The revenue case for B2B GEO
The conversion rate argument is compelling on its own: AI-referred visitors who arrive pre-qualified convert significantly better than cold organic traffic. But there's a second-order effect that's easy to miss.
If 80% of B2B buyers are using AI to build their initial shortlist, and that shortlist contains three to five names, then your presence or absence on that list determines whether you're even considered. It's not about conversion rate at that point -- it's about whether you're in the deal at all.
Traditional SEO could still get you traffic even if you ranked fifth or sixth. AI search has no equivalent. If you're not cited, you don't exist for that buyer.
That's a different kind of urgency than most B2B marketing teams are used to operating with. The good news is that most of your competitors haven't figured this out yet either. The brands that build GEO into their content strategy now will have a meaningful head start by the time the rest of the market catches up.
Where to start this week
If you're new to GEO and want to make progress without overhauling your entire content strategy, here's a practical starting point:
- Run 10-15 category queries in ChatGPT and Perplexity that your buyers would realistically ask. Screenshot the results.

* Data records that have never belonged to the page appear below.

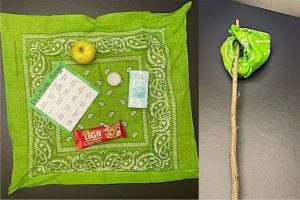Bovendien is de survivalkit gemaakt in de vorm van een knapzak, die kun je namelijk makkelijk op anderhalve meter aanpakken: lekker coronaproof!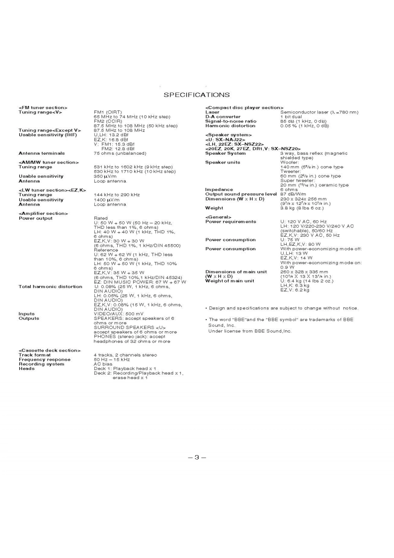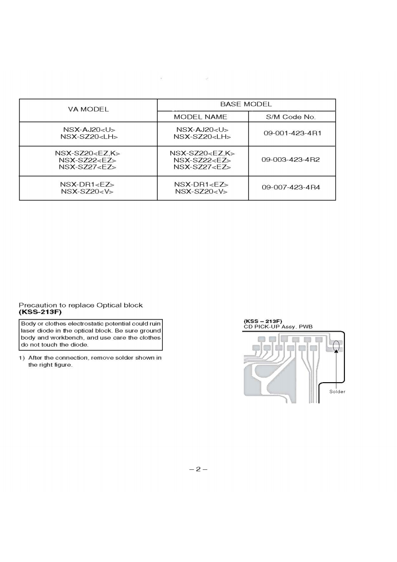 NSX-AJ20UaI山aSERVICENSX-SZ20LH,EZ,K,VNSX-SZ22EZNSX-SZ27EZNSX-DR1EZSERVICE MANUALCOMPACT DISCBASIC TAPE MECHANISM:ZZM-3STEREO SYSTEMBASIC CD MECHANISM:AZG-1SYSTEMCDTAPECDREMOTECASSEIVERMECHANISMMECHANISMSPEAKERCONTROLLERNSX-AJ20CX-NAJ20SX-NAJ22ZZM-3 PR1NFAZG-1 YKZD3RDFNSX-SZ20CX-NSZ20SX-NSZ22NSX-SZ20CX-NSZ20SX-NSZ20RC-ZAS02NSX-SZ22CX-NSZ22ZZM-3 PR1NMAZG-1 ZD3RDMSX-NSZ22NSX-DR1CX-NDR1SX-NSZ20NSX-SZ27CX-NSZ27SX-NSZ20RC-ZAS17This Service Manual contains information about the difference betweenNSX-AJ20/SZ20/SZ22/SZ27/DR1 (VA model)and NSX-AJ20/SZ20/SZ22/SZ27/DR1.If requiring the other information,see Service Manualas listed on page 2.Refer to MAIN C.B parts number for difference of model.8A-NF9-701-010 is for NSX-AJ20/SZ20/SZ22/SZ27/DR1VA model.If requiring information about the CD mechanism,see Service Manualof AZG-1 (S/M Code No.09-001-335-3N8)aluaSUPPLEMENTDATAS/M Code No.09-00C-423-4S3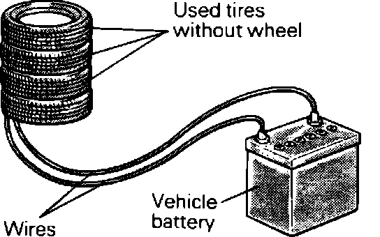 7. Connect two wires, each 20 feet or more long, to the two leads of the SRS airbag adapter tool No. MB686560, and cover connections with tape. Twist other end of wires together to prevent an unexpected deployment of air bag.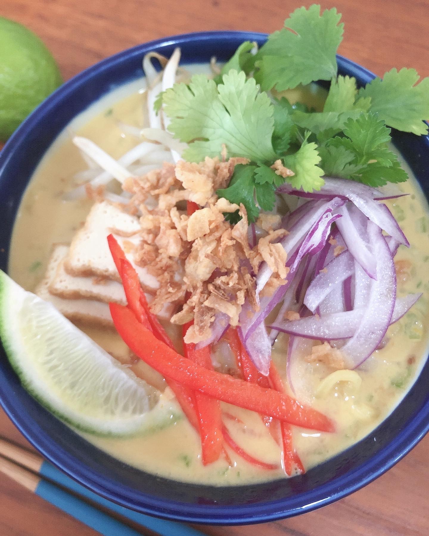 マレーシアやシンガポールで食べられている、エビ出汁ベースのカレー味のクリーミーな濃厚ヌードルです。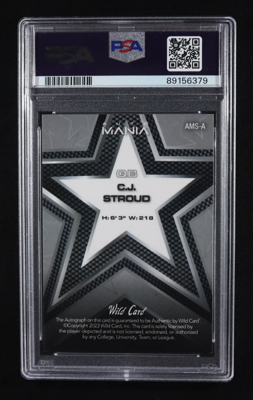 CJ Stroud 2023 Wild Card Auto Mania Autograph Star Prizm Teal #AMSA #1/5 RC (PSA 9)

- Note which competitors appear consistently and which prompts you're absent from.
- Pick the two or three highest-intent prompts where you're missing and don't have content that answers them. Write that content first.
- Set up a basic AI visibility tracker so you can measure whether your changes are working.
The buyers are already there, asking AI to build their shortlists. The question is whether your brand is in the answers they're getting.